The results of PTA analysis for gram-negative pathogens are shown in Table 6. Among the gram-negative pathogens used in the analysis, 166 isolates were AmpC beta-lactamase producers (Citrobacter spp., Enterobacter spp., Serratia marcescens), with a MIC90 of 16 mg/liter. Among the non-AmpC-producing, non-Pseudomonas aeruginosa isolates (Escherichia coli, Klebsiella spp., Proteus mirabilis), there were 206 isolates for which the MIC was ≤0.25 mg/liter, and these encompassed more than 90% of the isolates. We also examined a distribution of 407 isolates of Pseudomonas aeruginosa.
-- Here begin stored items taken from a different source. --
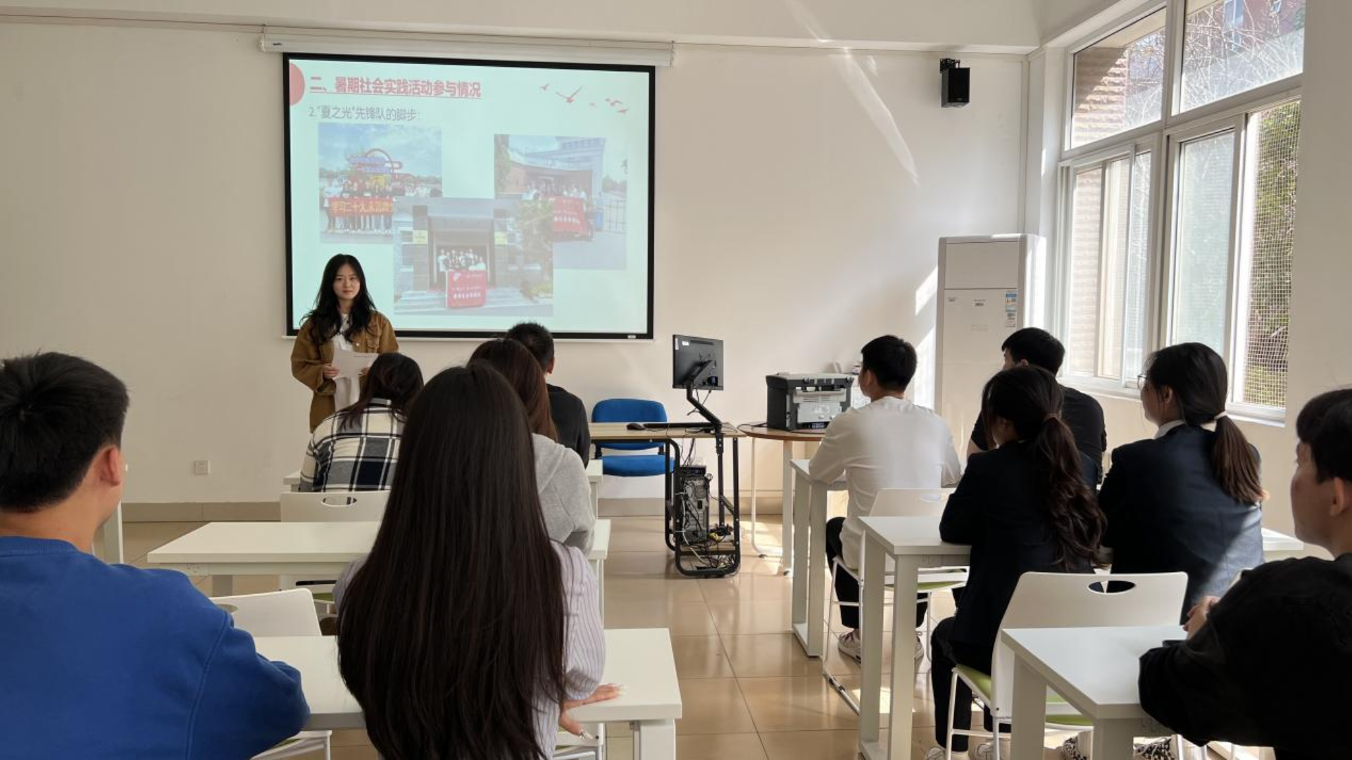几位学生入党积极分子从实践目的、调研实施、成果风采、典型做法等方面分享暑期社会实践的收获、展示实践成果、交流经验。他们通过讲述在江都水利枢纽、大运河博物馆实地学习考察调研的经历,引导同学们了解先辈光荣历史,带领他们学习感悟传承红色精神和工匠精神;讲述在东关街探访非遗项目传承人的故事,带领同学们感受中国传统文化的魅力。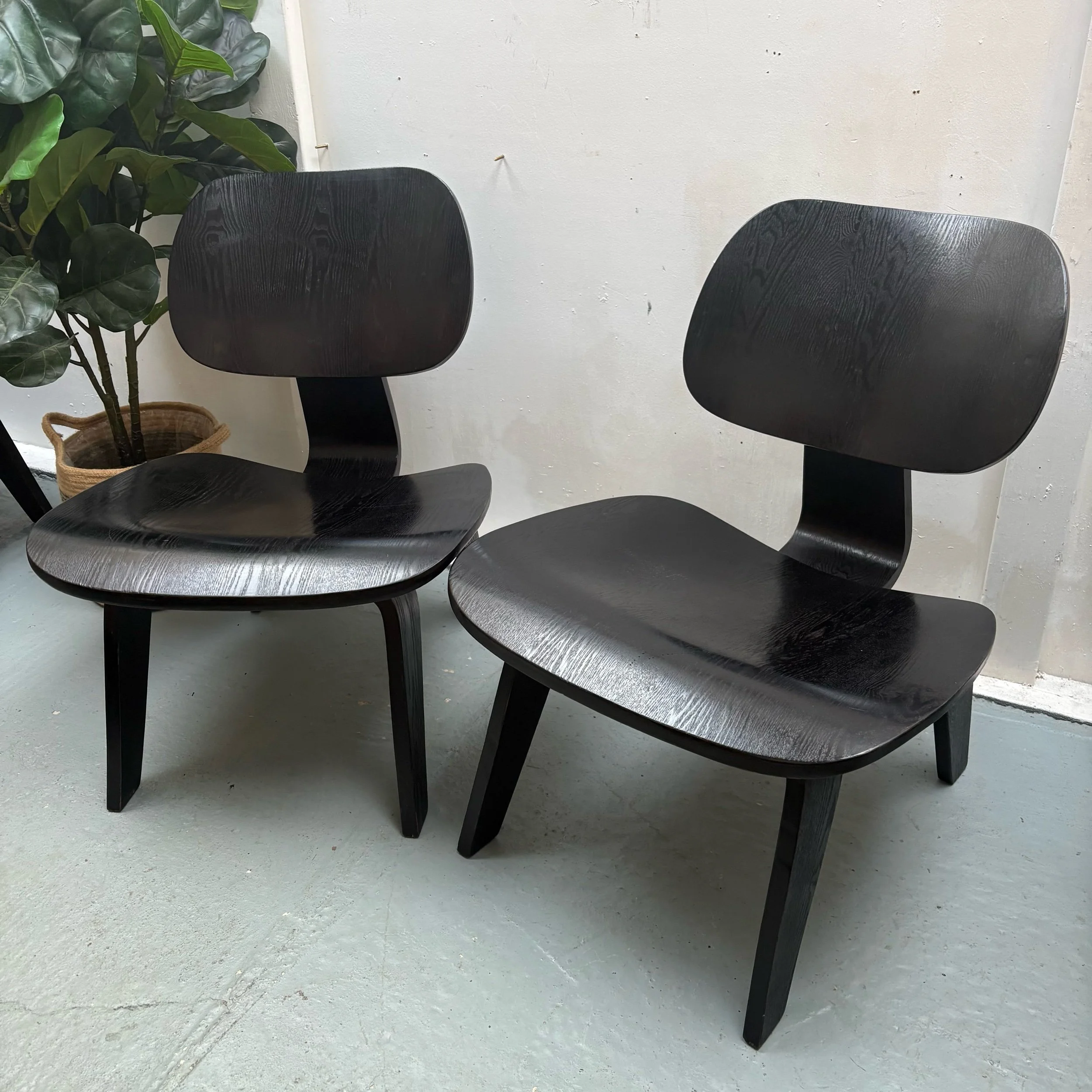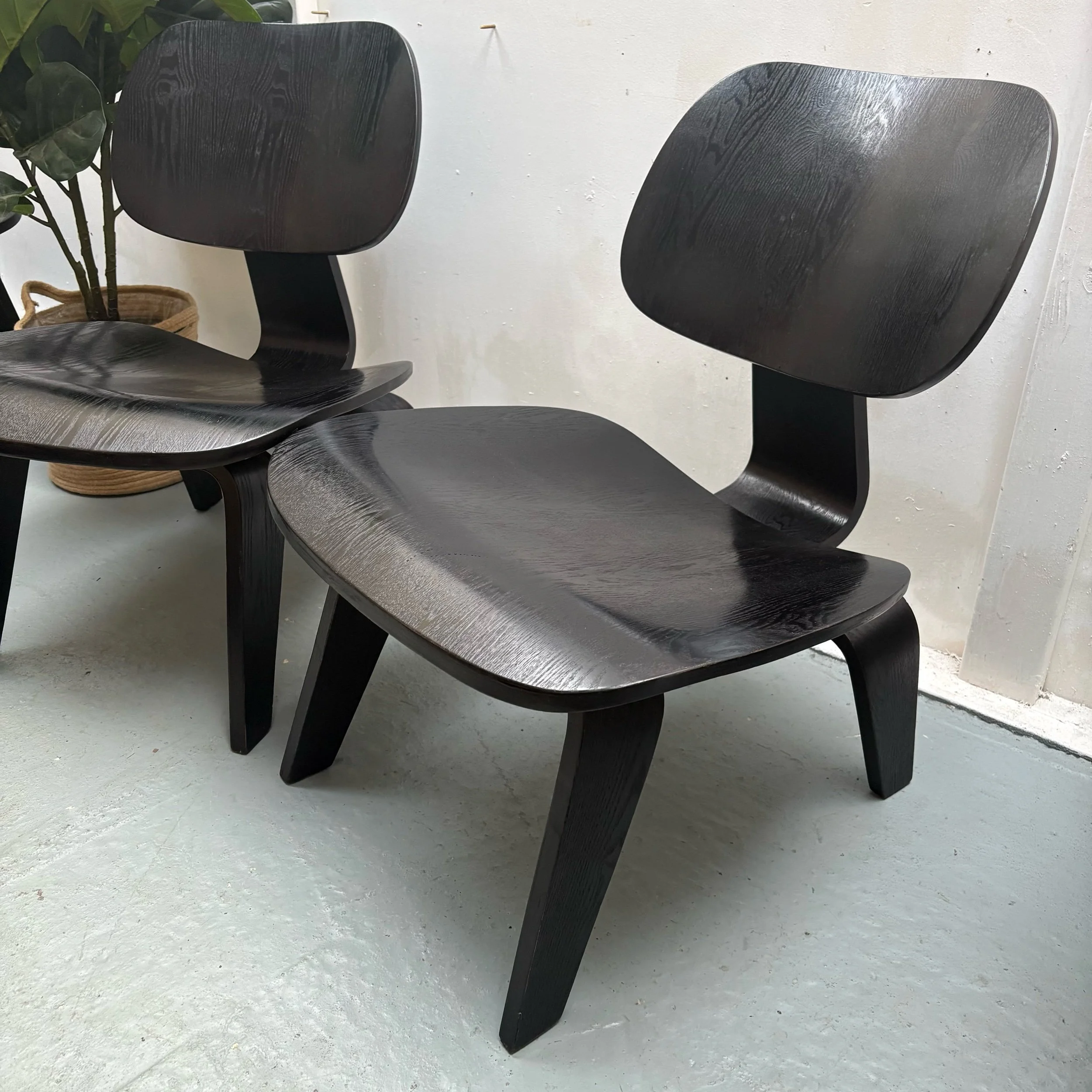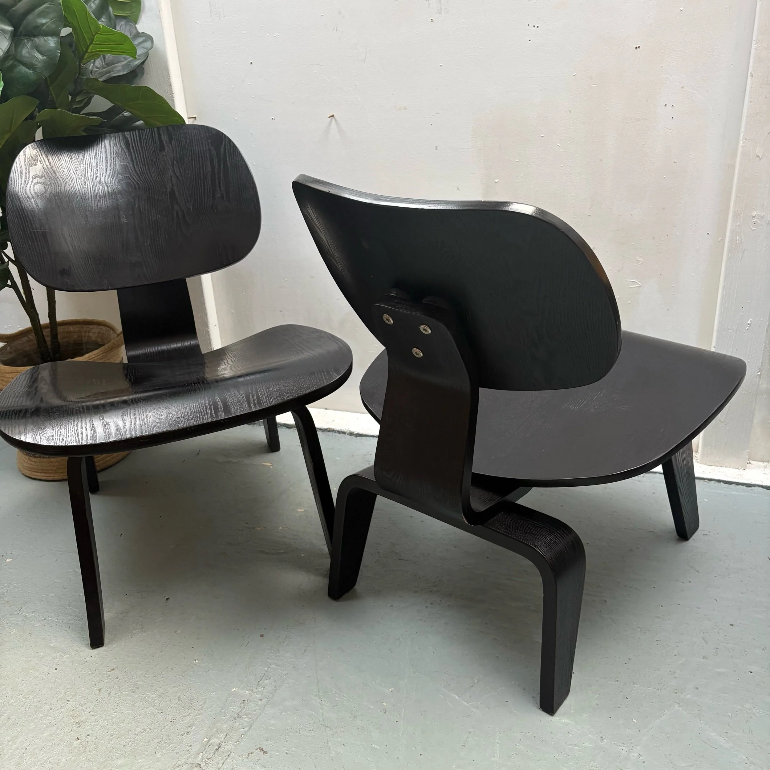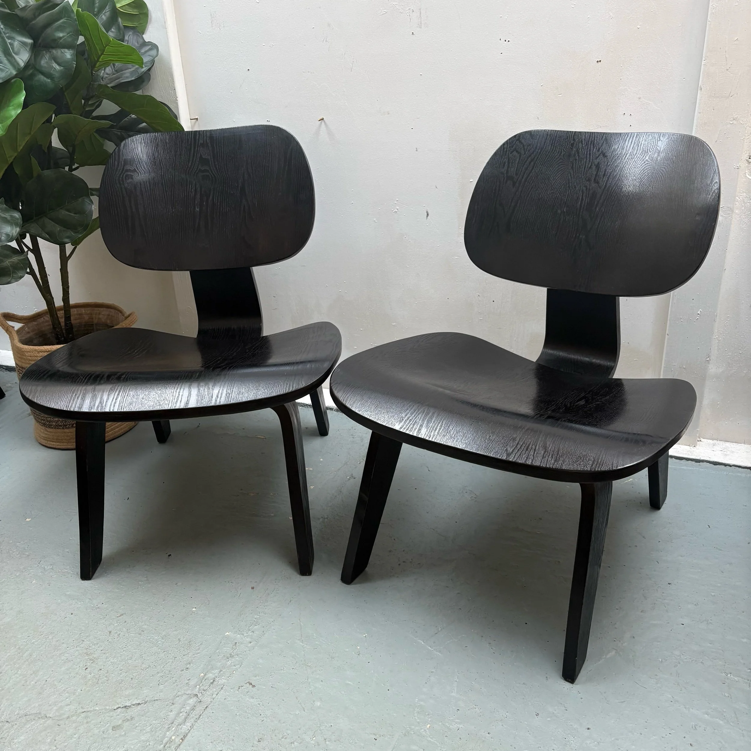 Pair Vintage Black Charles & Ray Eames Vitra Lounge Chair Herman Miller 1950s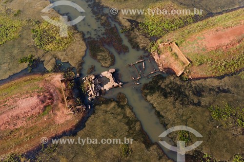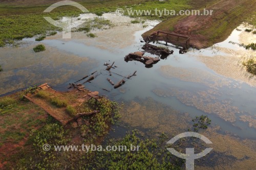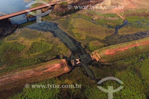 • Picture taken with drone of old dirt road and the old bridge that reappeared after 40 years submerged in the Ribeirao Padua Diniz, which is an arm of the water reservoir of the Agua Vermelha hydroelectric plant - Indiapora city - Sao Paulo state (SP) - Brazil
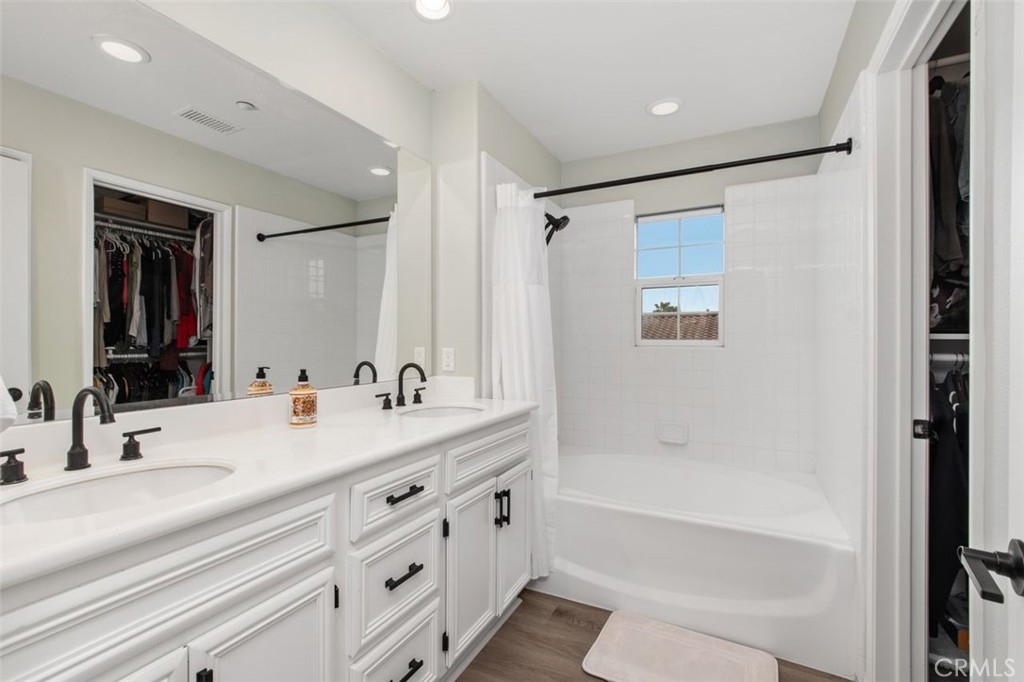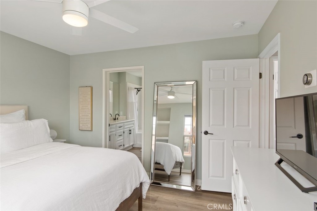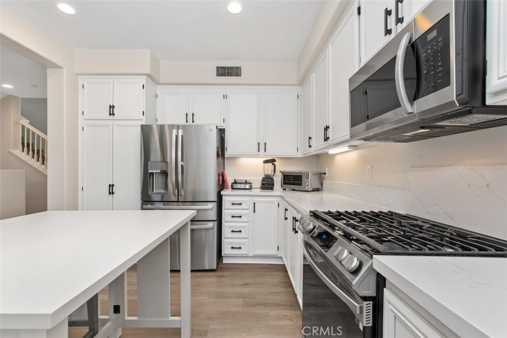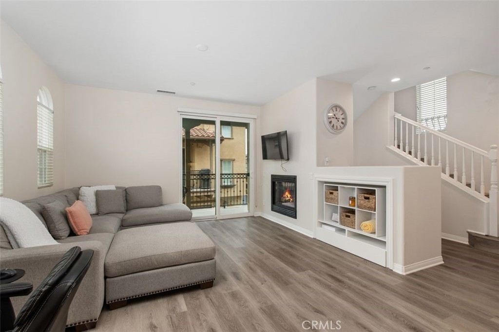 Welcome to a meticulously maintained, sparkling tri-level gem in the Berkshire neighborhood, Ladera Ranch. As you enter, the palpable pride of ownership immerses you in a realm of refined living. This end unit home is as splendid as it is functional. The living area is equipped with a one-touch operation gas fireplace, adding a dash of coziness to the ambiance. The sliding doors lead to a private balcony, perfect for BBQ enthusiasts. The kitchen is a chef's dream with its Corian counter-tops, shining stainless-steel appliances, ample counter space, and a spacious island. Imagine savoring the sight of your personal chef preparing delicious meals right before your eyes! The expansive master suite features tasteful built-in shelves, a walk-in closet, a deep oval bathtub, and double vanities for your convenience. The second bedroom, complete with an en-suite bathroom and generous closet space, is conveniently located on the same floor as the master suite. The home is adorned with stunning vinyl flooring throughout, including the steps, and there's not a trace of carpet in sight. Ceiling fans grace both bedrooms and recessed lighting adds a contemporary touch. The home also boasts a two-car garage with direct access, epoxy flooring, EV charger, large overhead storage bins, and a wall of closets for your storage needs. A sauna, available for purchase, is situated within the garage, adding to the luxury of the property. Nestled in the foothills of Orange County's Saddleback, the Ladera Ranch community offers an enriching lifestyle. With 18 community parks, a dedicated dog park, six pools, green belts, and shopping centers, it is an idyllic haven for families. Outdoor enthusiasts will appreciate the miles of hiking and biking trails connecting to Doheny Beach. Experience the best of suburban living in this master-planned community.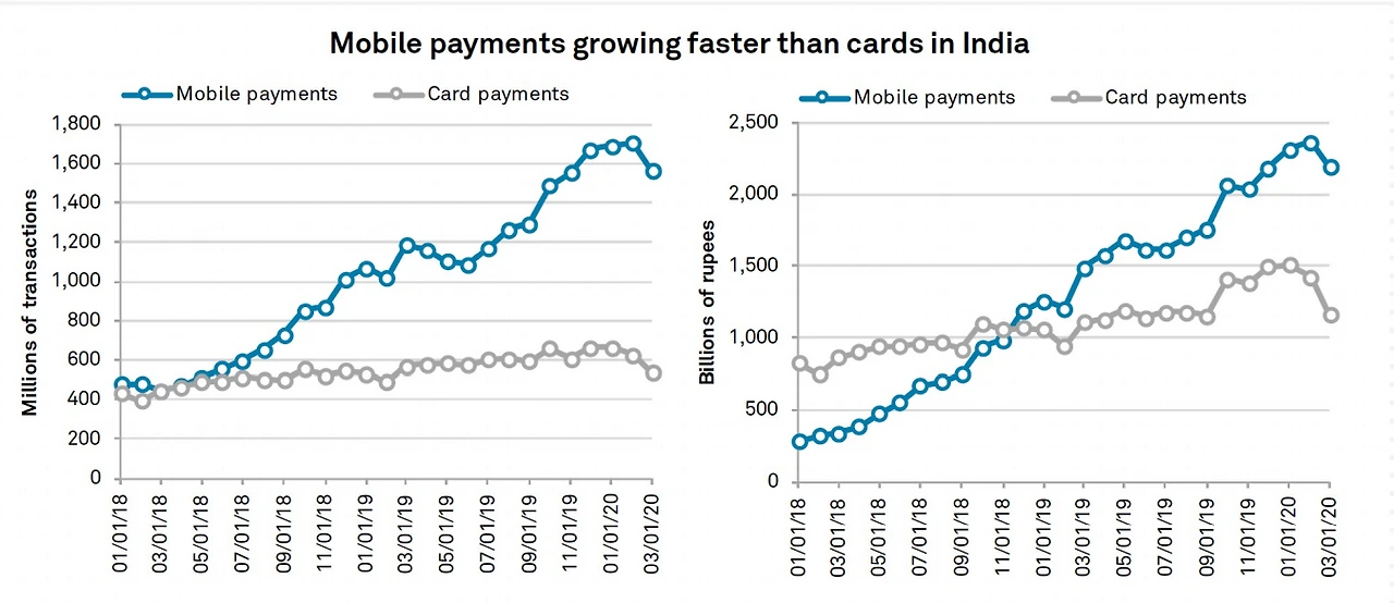 앞서서, 인도의 스마트폰 시장이 얼마나 빠르게 성장 중인지 확인했다. 이와 동시에 커지는 것이 모바일 결제 시장이다. 20년 3월을 기준으로 16억 건의 모바일 결제가 발생했다.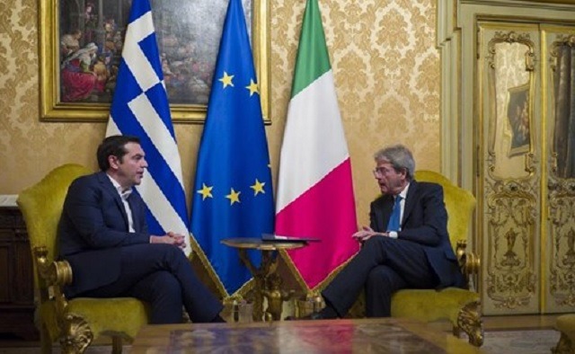 O πρωθυπουργός Αλέξης Τσίπρας συναντήθηκε σήμερα το απόγευμα με τον Ιταλό ομόλογό του Πάολο Τζεντιλόνι στο κυβερνητικό μέγαρο της Ρώμης Παλάτσο Κίτζι.

For this pathogen, the MIC50 was 4.0 mg/liter and the MIC90 was 32 mg/liter. The overall probability that ceftobiprole at 500 mg i.v. q8h would achieve a nearly bactericidal effect (60% fT > MIC) exceeded 90% for non-AmpC-producing gram-negative bacilli. For AmpC-producing gram-negative bacilli, the overall probability that ceftobiprole would achieve a static effect (40% fT > MIC) was 89.8%. The probability that ceftobiprole would achieve a static effect against Pseudomonas aeruginosa was 71.1%.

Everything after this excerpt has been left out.